When you copy from the entries that follow, take only the lines from the one with "This circuit can" down to the one with "不採算撤退0を達成! 開業前 開業後 の失敗させない 6つの安心サポート", keeping both ends and dropping every picture.

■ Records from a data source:
+++

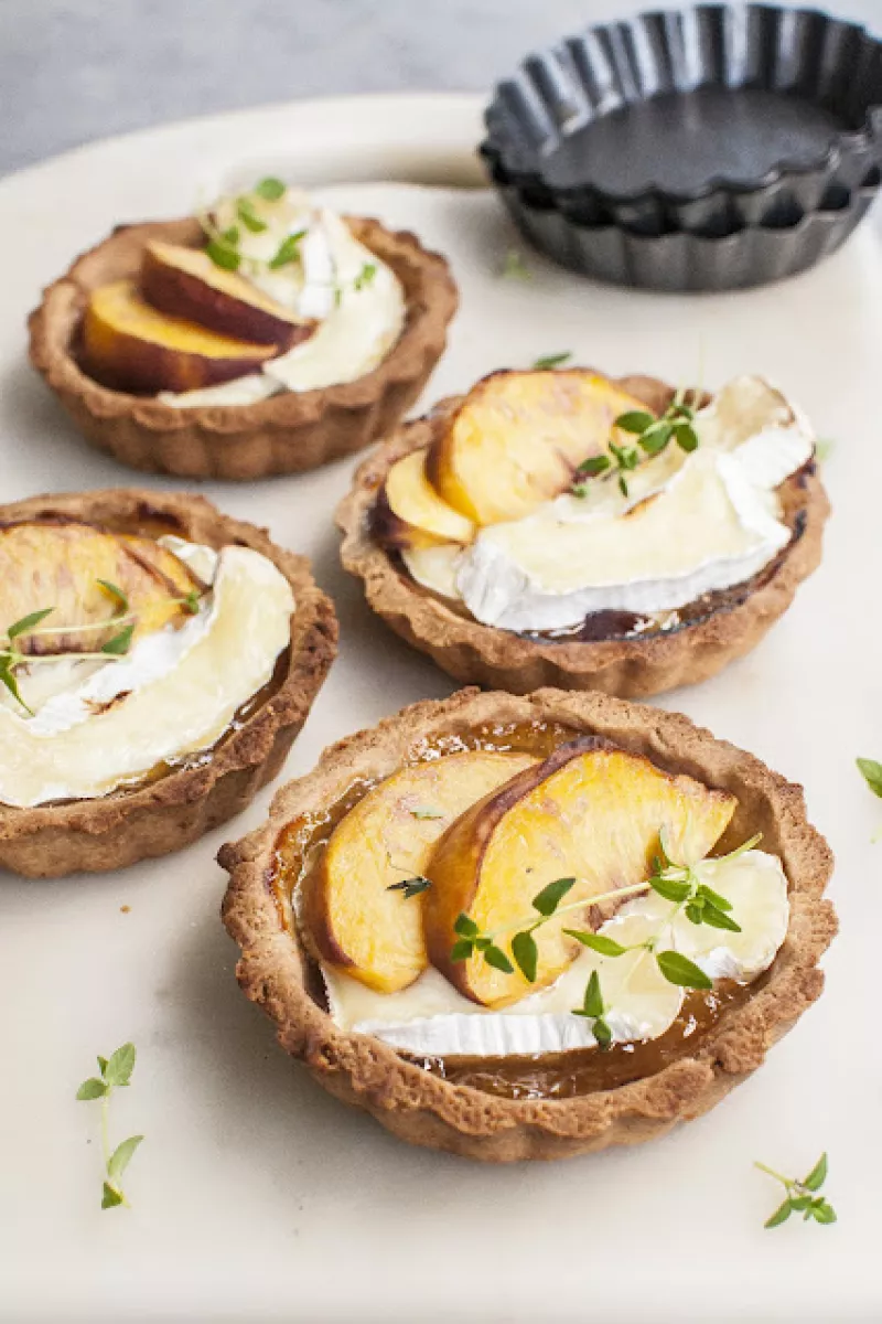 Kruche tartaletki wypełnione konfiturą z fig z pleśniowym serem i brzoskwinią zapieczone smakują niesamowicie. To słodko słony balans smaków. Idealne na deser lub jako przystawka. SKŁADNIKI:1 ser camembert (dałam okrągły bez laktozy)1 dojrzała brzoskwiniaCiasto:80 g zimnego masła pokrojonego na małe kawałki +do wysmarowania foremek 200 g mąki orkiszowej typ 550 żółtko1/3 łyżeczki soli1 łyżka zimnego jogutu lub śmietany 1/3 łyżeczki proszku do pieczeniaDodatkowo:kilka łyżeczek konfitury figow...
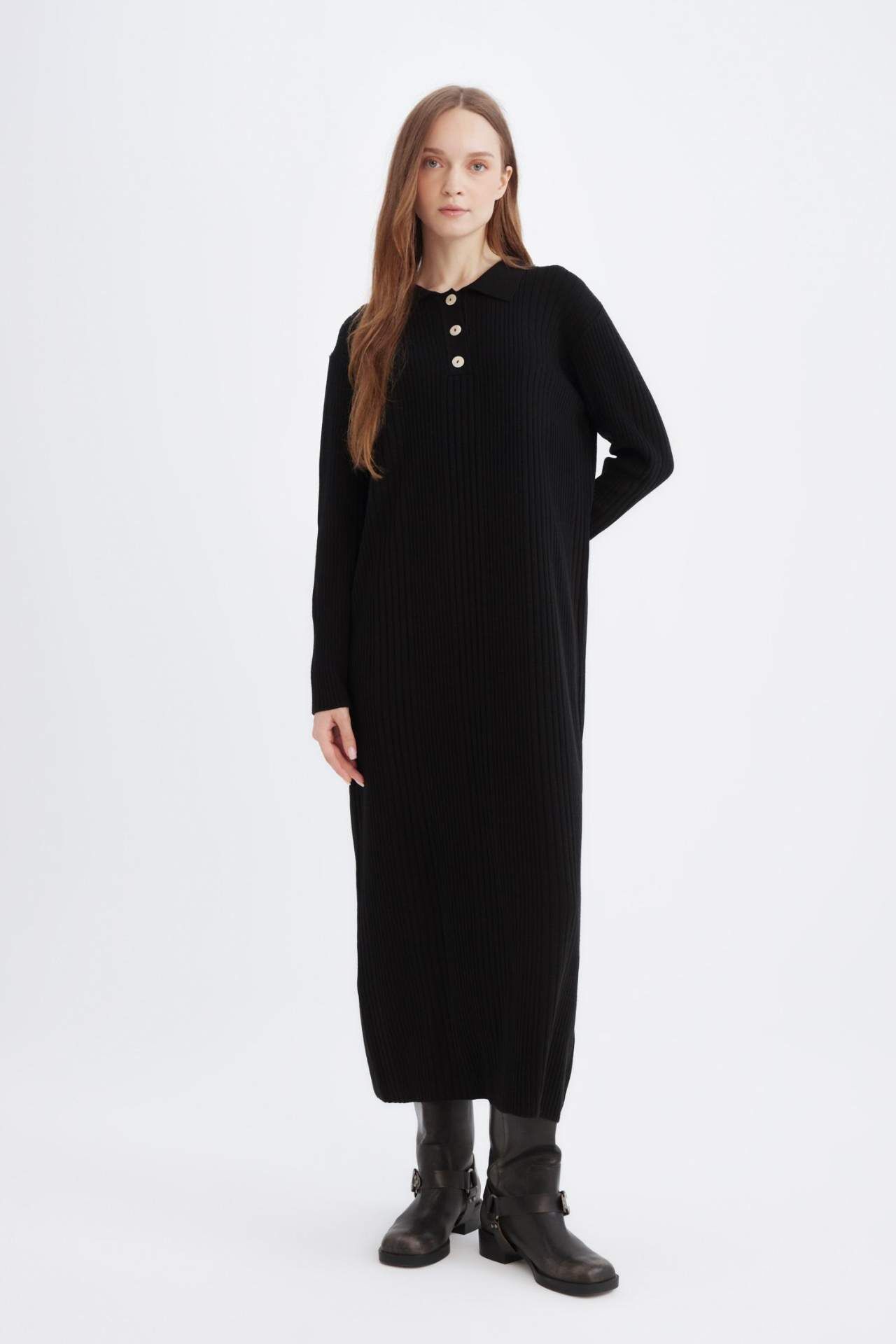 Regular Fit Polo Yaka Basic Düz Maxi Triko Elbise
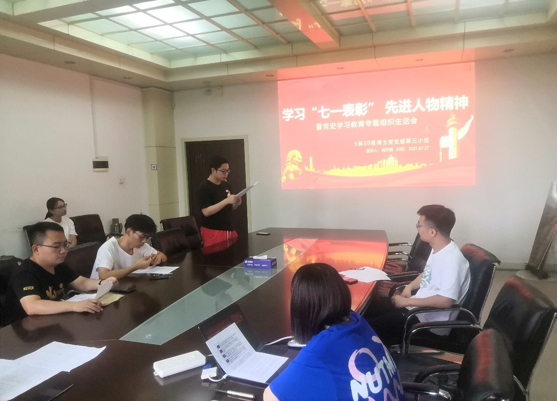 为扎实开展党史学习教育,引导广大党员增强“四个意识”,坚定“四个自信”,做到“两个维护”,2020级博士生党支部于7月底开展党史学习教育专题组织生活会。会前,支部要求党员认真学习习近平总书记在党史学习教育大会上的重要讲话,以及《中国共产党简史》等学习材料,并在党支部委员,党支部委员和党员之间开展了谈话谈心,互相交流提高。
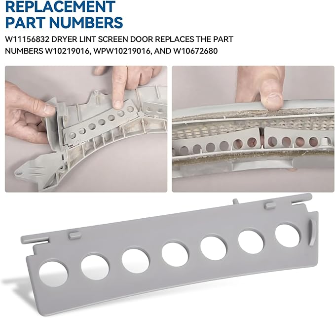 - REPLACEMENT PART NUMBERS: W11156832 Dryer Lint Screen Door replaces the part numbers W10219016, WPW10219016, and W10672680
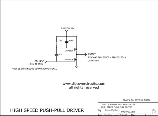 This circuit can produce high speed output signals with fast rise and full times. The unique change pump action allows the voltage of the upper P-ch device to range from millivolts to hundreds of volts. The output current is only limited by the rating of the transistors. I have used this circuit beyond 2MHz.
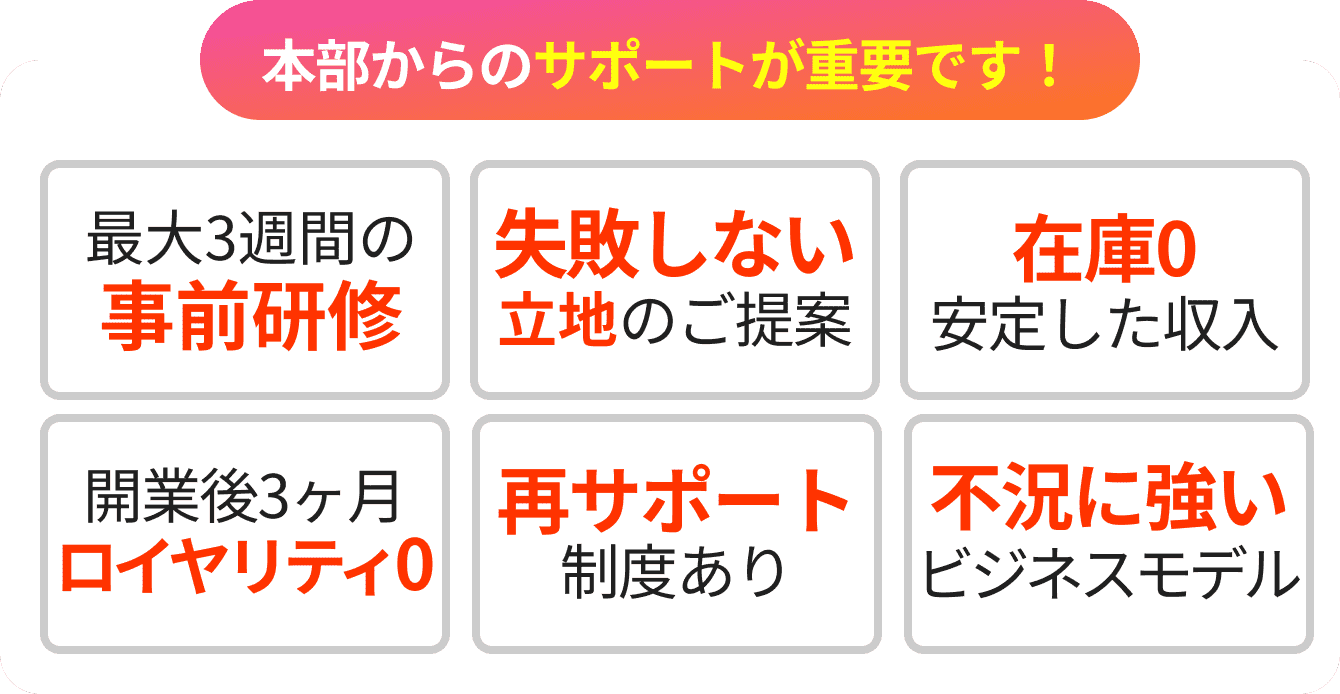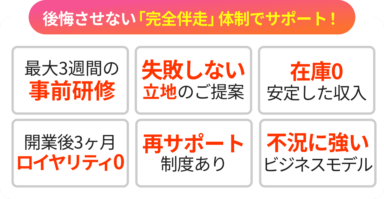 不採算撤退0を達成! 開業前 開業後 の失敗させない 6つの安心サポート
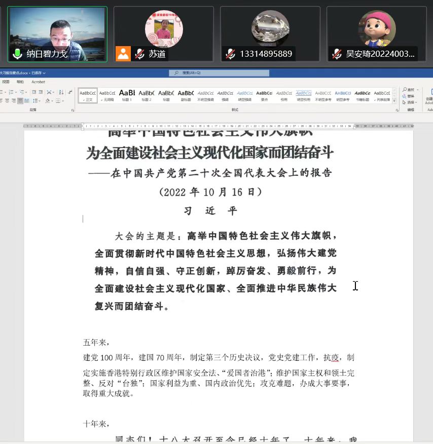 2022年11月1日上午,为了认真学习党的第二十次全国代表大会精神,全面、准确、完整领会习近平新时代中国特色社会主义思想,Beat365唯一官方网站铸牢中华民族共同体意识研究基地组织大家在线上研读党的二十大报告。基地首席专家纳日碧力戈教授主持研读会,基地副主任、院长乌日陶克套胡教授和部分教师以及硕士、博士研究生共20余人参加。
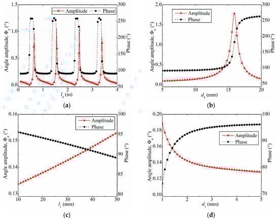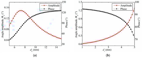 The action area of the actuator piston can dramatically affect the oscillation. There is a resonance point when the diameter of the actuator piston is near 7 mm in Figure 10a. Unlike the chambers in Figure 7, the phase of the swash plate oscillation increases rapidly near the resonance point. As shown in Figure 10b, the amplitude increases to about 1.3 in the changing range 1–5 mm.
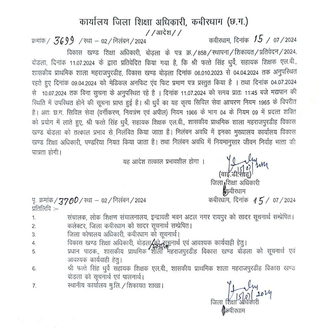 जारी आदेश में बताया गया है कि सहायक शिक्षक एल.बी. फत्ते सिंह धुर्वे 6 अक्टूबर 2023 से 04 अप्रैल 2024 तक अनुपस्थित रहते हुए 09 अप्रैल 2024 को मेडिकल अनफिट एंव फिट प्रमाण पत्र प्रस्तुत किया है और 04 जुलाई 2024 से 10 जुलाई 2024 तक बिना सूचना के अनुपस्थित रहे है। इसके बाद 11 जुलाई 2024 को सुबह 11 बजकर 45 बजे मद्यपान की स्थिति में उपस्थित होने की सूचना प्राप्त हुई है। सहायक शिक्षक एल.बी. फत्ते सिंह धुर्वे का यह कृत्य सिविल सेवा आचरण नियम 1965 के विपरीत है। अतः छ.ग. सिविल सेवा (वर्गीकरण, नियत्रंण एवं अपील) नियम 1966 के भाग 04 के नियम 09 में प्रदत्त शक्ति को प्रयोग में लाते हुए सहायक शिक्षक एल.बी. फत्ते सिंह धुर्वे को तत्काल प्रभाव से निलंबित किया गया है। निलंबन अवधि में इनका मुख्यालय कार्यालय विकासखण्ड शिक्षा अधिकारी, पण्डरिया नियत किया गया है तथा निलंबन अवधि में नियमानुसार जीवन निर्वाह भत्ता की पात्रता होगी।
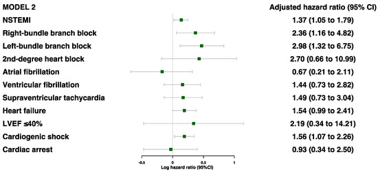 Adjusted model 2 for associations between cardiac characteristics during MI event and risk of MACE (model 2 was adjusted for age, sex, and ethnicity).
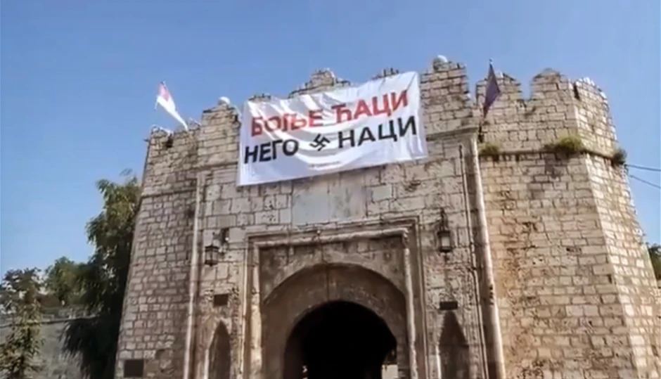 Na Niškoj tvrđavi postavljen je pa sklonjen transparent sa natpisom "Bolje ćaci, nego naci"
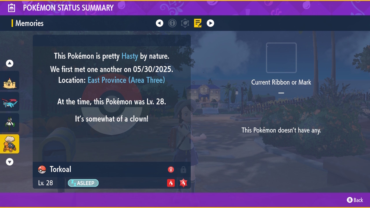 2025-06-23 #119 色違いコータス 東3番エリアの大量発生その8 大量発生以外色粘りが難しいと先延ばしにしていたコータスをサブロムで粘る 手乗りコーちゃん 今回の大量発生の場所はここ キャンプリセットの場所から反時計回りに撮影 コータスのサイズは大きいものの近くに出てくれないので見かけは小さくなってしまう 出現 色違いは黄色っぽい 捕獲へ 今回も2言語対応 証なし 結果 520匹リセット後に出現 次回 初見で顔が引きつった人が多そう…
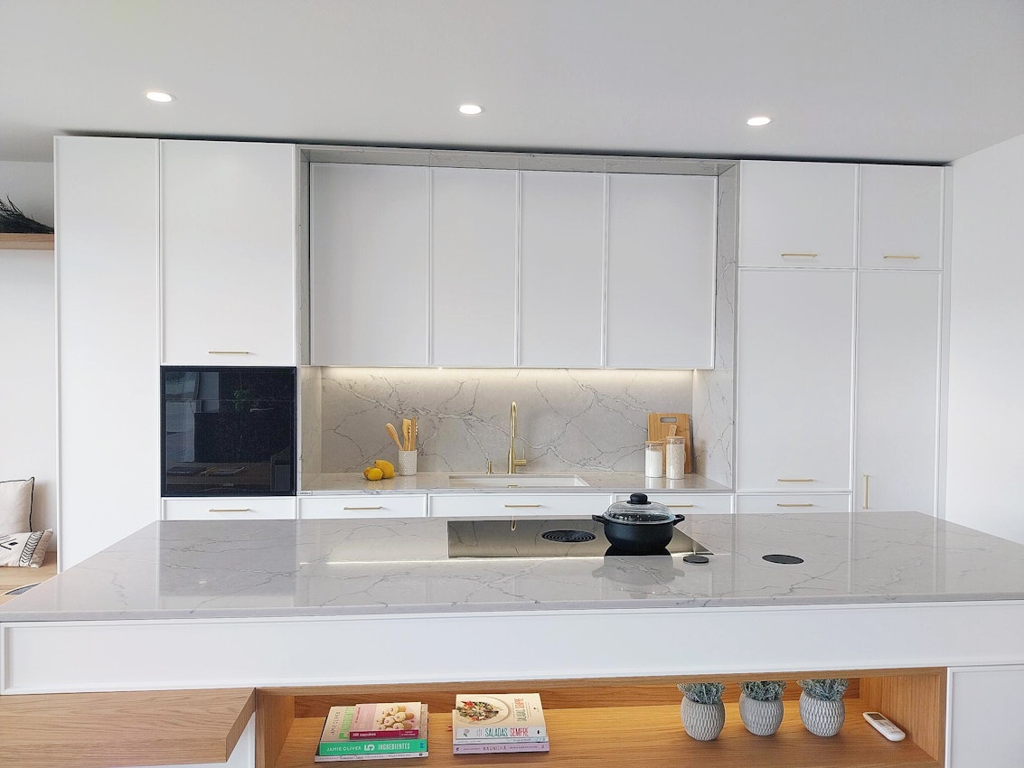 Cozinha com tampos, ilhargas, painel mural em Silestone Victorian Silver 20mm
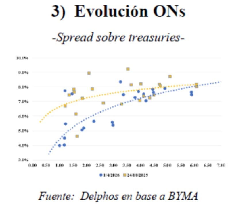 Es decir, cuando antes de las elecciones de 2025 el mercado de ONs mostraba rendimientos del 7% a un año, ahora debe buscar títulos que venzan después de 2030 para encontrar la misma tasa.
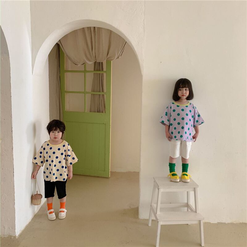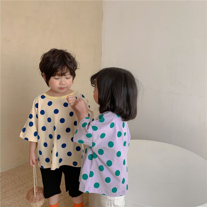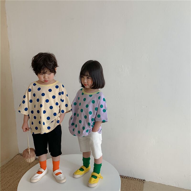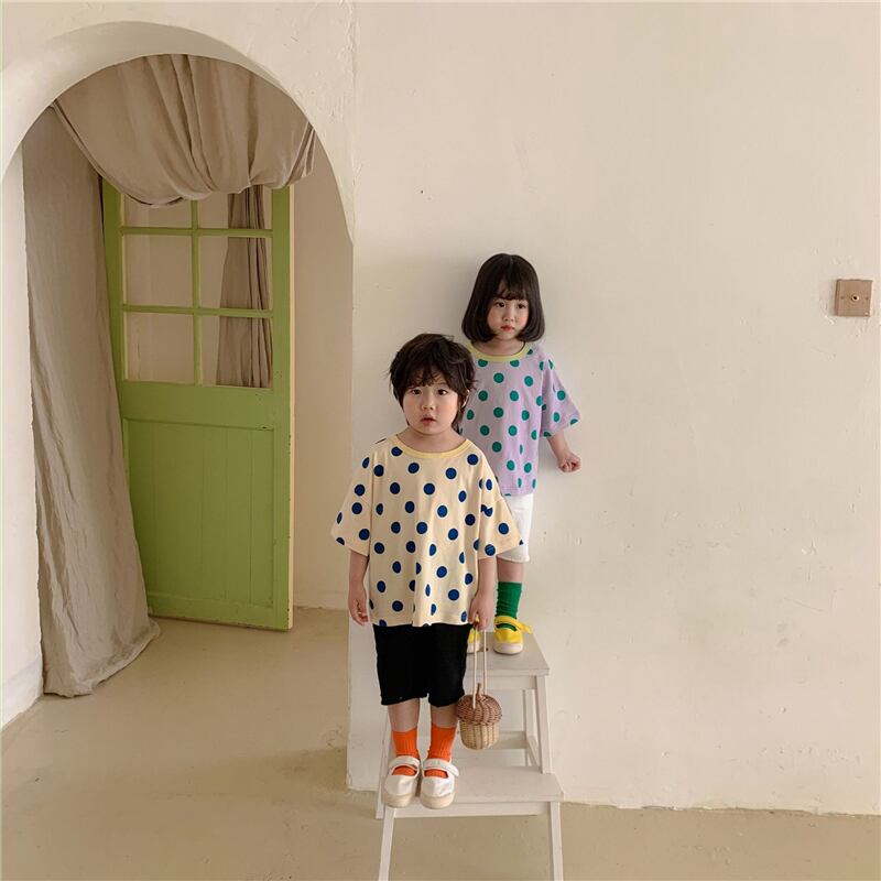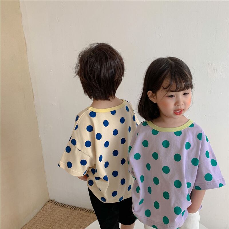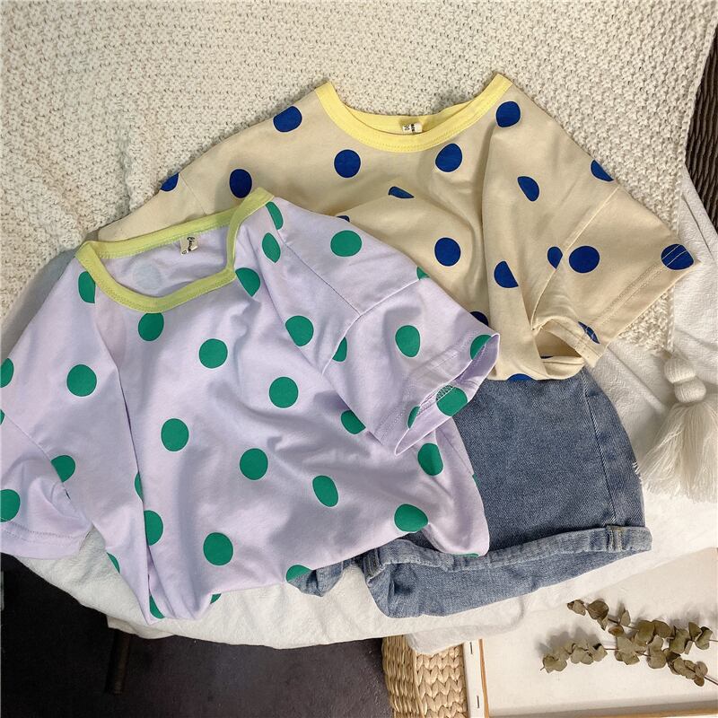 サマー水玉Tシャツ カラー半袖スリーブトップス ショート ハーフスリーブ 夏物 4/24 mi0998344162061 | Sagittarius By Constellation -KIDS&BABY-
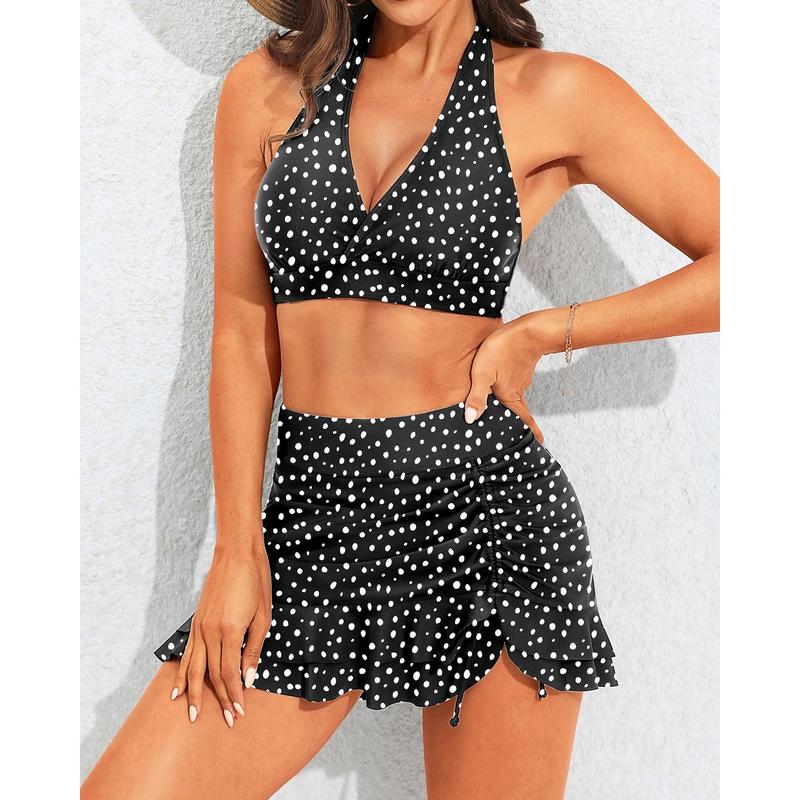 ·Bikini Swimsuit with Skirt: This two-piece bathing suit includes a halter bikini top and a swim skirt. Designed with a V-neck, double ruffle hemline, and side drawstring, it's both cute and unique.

+++

■ OUTPUT OF THE EXERCISE:
 This circuit can produce high speed output signals with fast rise and full times. The unique change pump action allows the voltage of the upper P-ch device to range from millivolts to hundreds of volts. The output current is only limited by the rating of the transistors. I have used this circuit beyond 2MHz.
 不採算撤退0を達成! 開業前 開業後 の失敗させない 6つの安心サポート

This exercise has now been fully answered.